§ EXERCISE: Set down all of the data exactly. Pictures stay out of the copy.

§ DATA EXCERPTS:
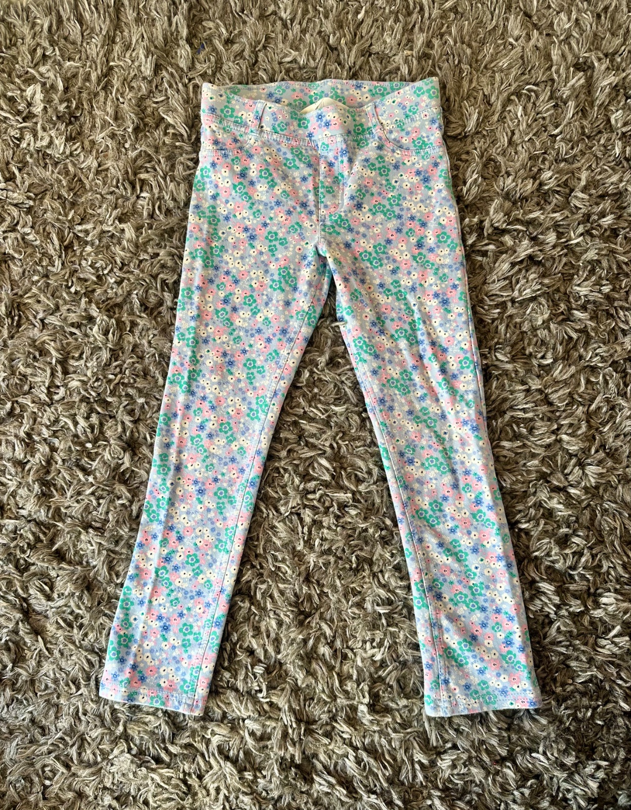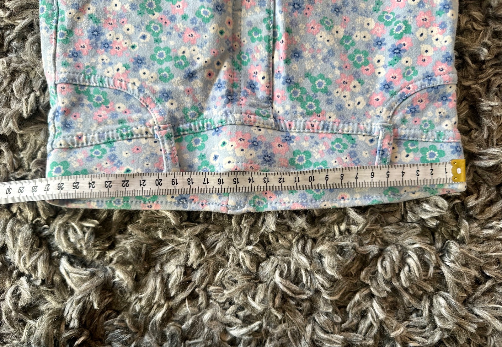 Kvetované, bledomodré natahovacie teplákové legínsy/nohavice. Kolienka nezodreté, nezošívané. Vzadu majú vrecká, rovný strih.
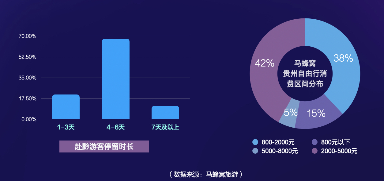 報(bào)告顯示,赴黔自由行游客目前以25-35歲為主,占比達(dá)到74.2%,年輕人已成貴州旅游消費(fèi)市場的主力。超過67%的年輕游客傾向于在貴州停留4-6天,在自由行的消費(fèi)分布中,2000元-5000元占比達(dá)到42%。
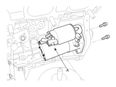13. Remove the starter (A).
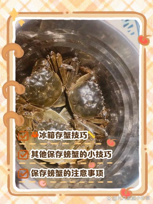阴凉保存:螃蟹应存放在阴凉通风的地方,避免阳光直射或高温环境,以防快速腐败。可以将其放在冰箱中,但温度不宜过低,比较好控制在10『1』5摄氏度之间。 去头保存:如果希望延长螃蟹的保存期,可以尝试去头的方法。用刀切除螃蟹的头部,只保留身体和大钳,这样可以在同等条件下延长1『2』天的保存期。
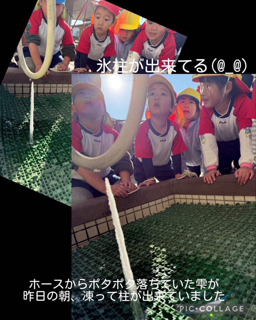 2月3日~朝の冷え込みが強く、なんと氷柱が出来ていて子ども達は大喜び!

§ RESPONSE TO THIS TASK:
 Kvetované, bledomodré natahovacie teplákové legínsy/nohavice. Kolienka nezodreté, nezošívané. Vzadu majú vrecká, rovný strih.
 報(bào)告顯示,赴黔自由行游客目前以25-35歲為主,占比達(dá)到74.2%,年輕人已成貴州旅游消費(fèi)市場的主力。超過67%的年輕游客傾向于在貴州停留4-6天,在自由行的消費(fèi)分布中,2000元-5000元占比達(dá)到42%。
13. Remove the starter (A).
阴凉保存:螃蟹应存放在阴凉通风的地方,避免阳光直射或高温环境,以防快速腐败。可以将其放在冰箱中,但温度不宜过低,比较好控制在10『1』5摄氏度之间。 去头保存:如果希望延长螃蟹的保存期,可以尝试去头的方法。用刀切除螃蟹的头部,只保留身体和大钳,这样可以在同等条件下延长1『2』天的保存期。
 2月3日~朝の冷え込みが強く、なんと氷柱が出来ていて子ども達は大喜び!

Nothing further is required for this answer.